Suddenly from some back recess of her mind, where perhaps instincts are formed, Nancy became aware of a sureness, like a soft and drifting image, that told her this woman could be trusted. That she need not hide the truth of her previous life, for she would not be judged by it but by what she had done with it. What she had achieved. Mrs Underwood was a woman of the world who would not faint or shudder or scream at the appalling circumstances that had brought her to this moment. She had been raped and later beaten by a man, none of it her fault, as many so-called respectable women would believe of a girl such as herself. She should not have been out after dark on her own, since none of them would dream of it. She had asked for trouble, they would tell one another, having no regard for the fact that she was forced to support herself and her younger sisters, since she had no man to do it for her.
She lifted her head, smashed, bruised but unbowed, and as they sipped the strong, hot tea Annie had brewed before she wandered off into the garden with Kitty she told Hetty Underwood how she had come from Angel Meadow to Grove Place. Mrs Underwood said nothing but her eyes, almost black in the amber smoothness of her face, never left Nancy’s and when she had finished speaking there was silence for several minutes. Nancy stared into the small fire. She would be sorry if this woman took offence and refused to have anything more to do with her. More than sorry, for a good deal of Nancy’s merchandise was sold in Mrs Underwood’s shop. She would find other buyers, she had made up her mind to that; indeed, when her face was healed she meant to walk the length of Deansgate, Market Street, St Ann’s Square, King Street and Exchange Street, in fact anywhere respectable shops were to be found, and look for other customers.

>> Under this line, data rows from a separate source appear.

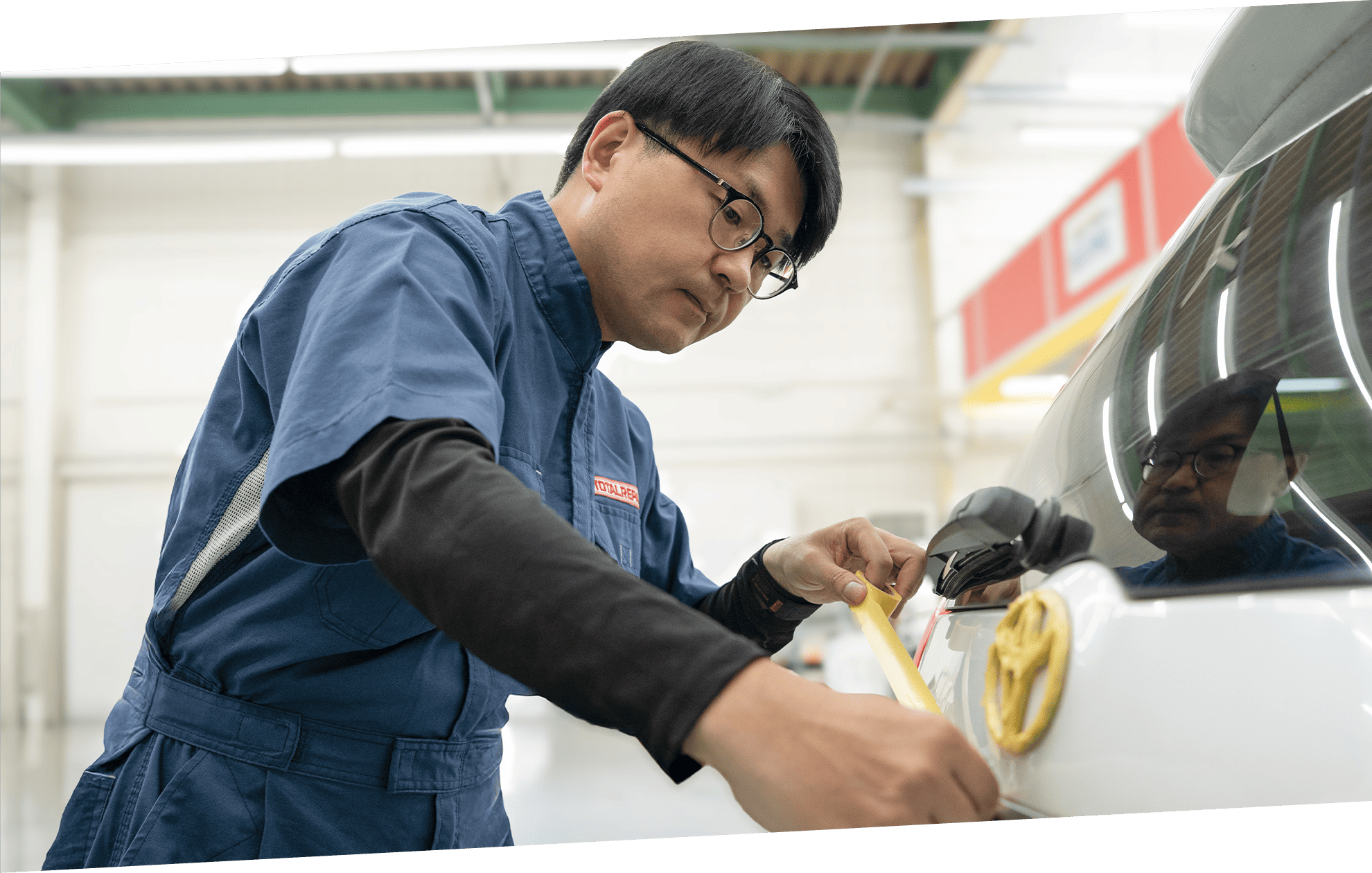 バンパーやフェンダー、ドアなど自動車外装に生じた傷をクイックに修復し、お客様への納車をスムーズにするお手伝いをさせていただきます。水性補修塗料を主に使用するため、安全面に配慮した施工を実現。出張での施工を可能にしました。そのため一般的な板金修理よりも大幅に納期と価格を抑えながら、お車を綺麗にさせていただきます。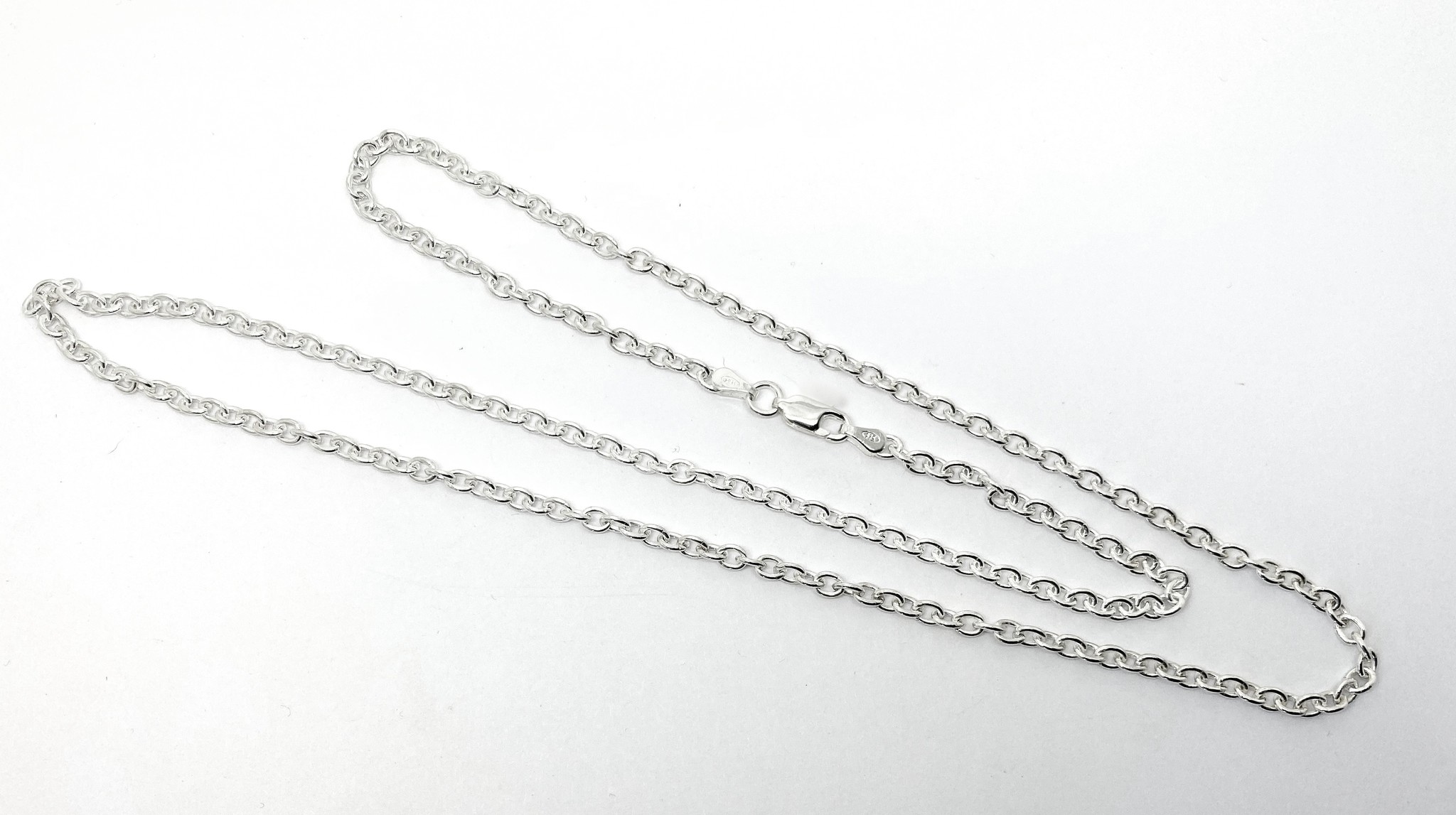 Stevige ronde schakel ketting met een totale lengte van 50 cm. De ketting schakels zijn 3,1 mm breed. Mooie ketting om zo te dragen of in combinatie met een zilveren kettinghanger. Uniseks ketting.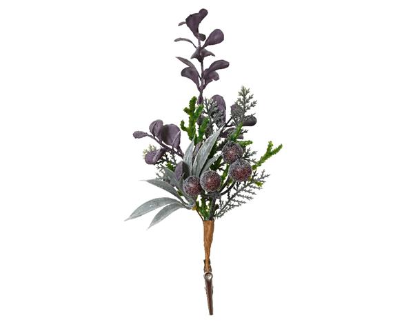 Kersthanger van ca. 22 cm met diverse soorten wintergroen, donker blad en besjes met fijne glitter Voorzien van metalen clip – toepasbaar in bloemstukken voor kerst of winter Te verwerken in een toef of als winterse corsage Voor gebruik als corsage kan de clip beter anders bevestigd worden, of vervangbaar door corsagespeldje of corsagemagneetje Warme paars-groene tinten geven een eigentijdse sfeer aan natuurlijke kerstdecoratie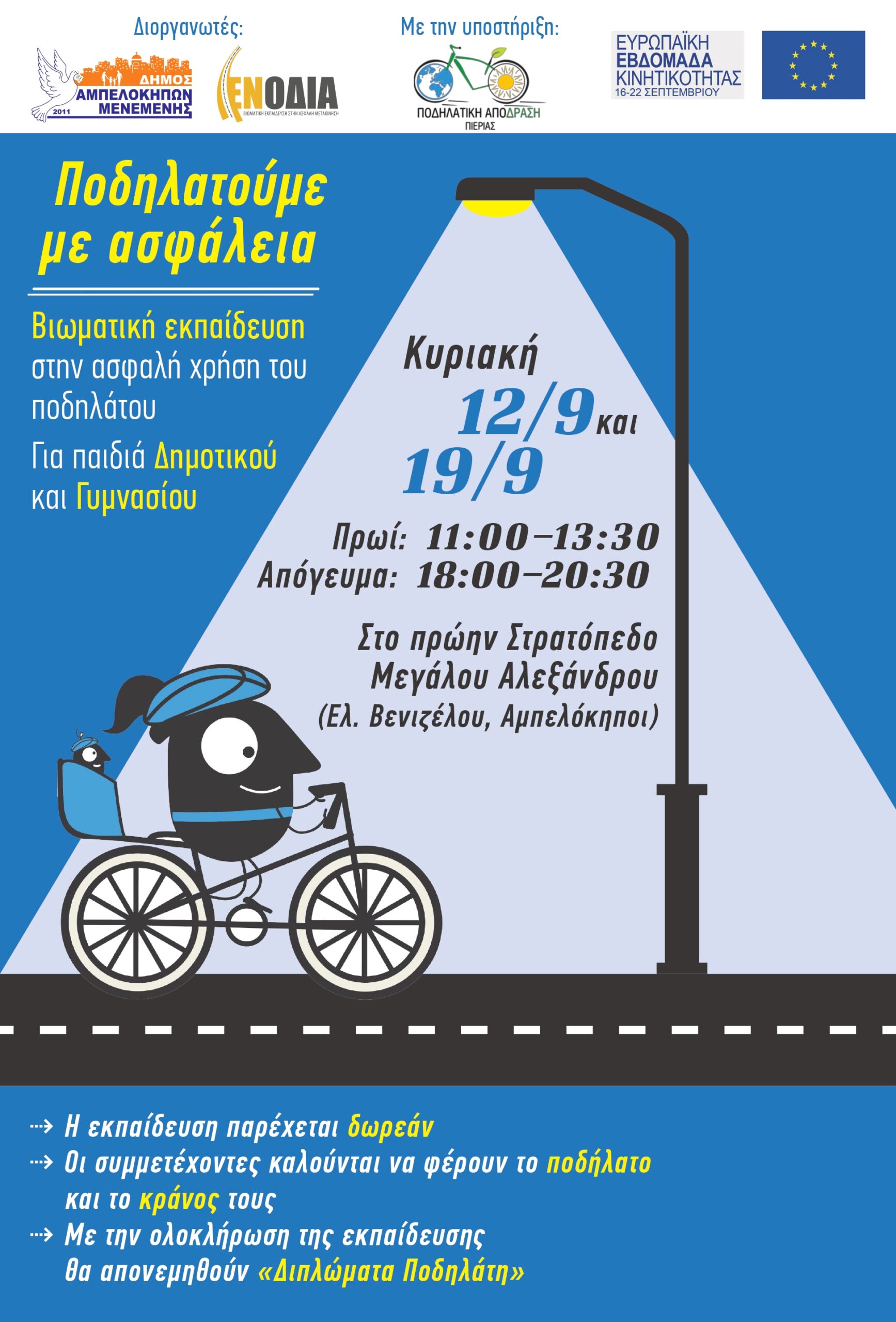 Την Κυριακή 12 Σεπτεμβρίου και την Κυριακή 19 Σεπτεμβρίου, η οργάνωση «ΕΝΟΔΙΑ – Βιωματική Εκπαίδευση στην Ασφαλή Μετακίνηση» με τους εθελοντές της και με τη συμμετοχή μελών του συλλόγου «Ποδηλατική Απόδραση Πιερίας», θα πραγματοποιήσει δράση εκπαίδευσης παιδιών ηλικιών δημοτικού και γυμνασίου στην ασφαλή χρήση του ποδηλάτου, στο πλαίσιο του προγράμματος του Δήμου Αμπελοκήπων – Μενεμένης για την Ευρωπαϊκή Εβδομάδα Κινητικότητας 2021.

Mrs Underwood took a deep breath, then placed her cup and saucer on the kitchen table. Nancy still kept her face averted, not from a misplaced sense of guilt or shame, far from it, but she felt that if she looked up and saw revulsion on Mrs Underwood’s face it would hurt her deeply. She didn’t know why, really, for the woman was nothing to her. And yet she was. There was a strange bond between them, of what sort she didn’t know, but it was there just the same. There were not many people in this world whom Nancy took a liking to, whom she held in respect. She loved her sisters, of course, and Jennet meant as much to her as they did. Annie was almost like a mother to her, fond, scolding, always ready to speak her mind, protective and sharp-tongued but Nancy knew Annie loved her and she loved Annie. Into this equation the baby face of her daughter glowed and something unfamiliar warmed her heart. She was a charmer, there was no doubt about it, like her father; but also in her childish character was a steadfast will, a resolute determination and strength which showed itself even at this tender age and Nancy found she liked it. And now there was this woman who seemed to have found a place in Nancy’s . . . should she say heart? No, that was too fanciful but she really liked her and would be distressed if she proved weak and false.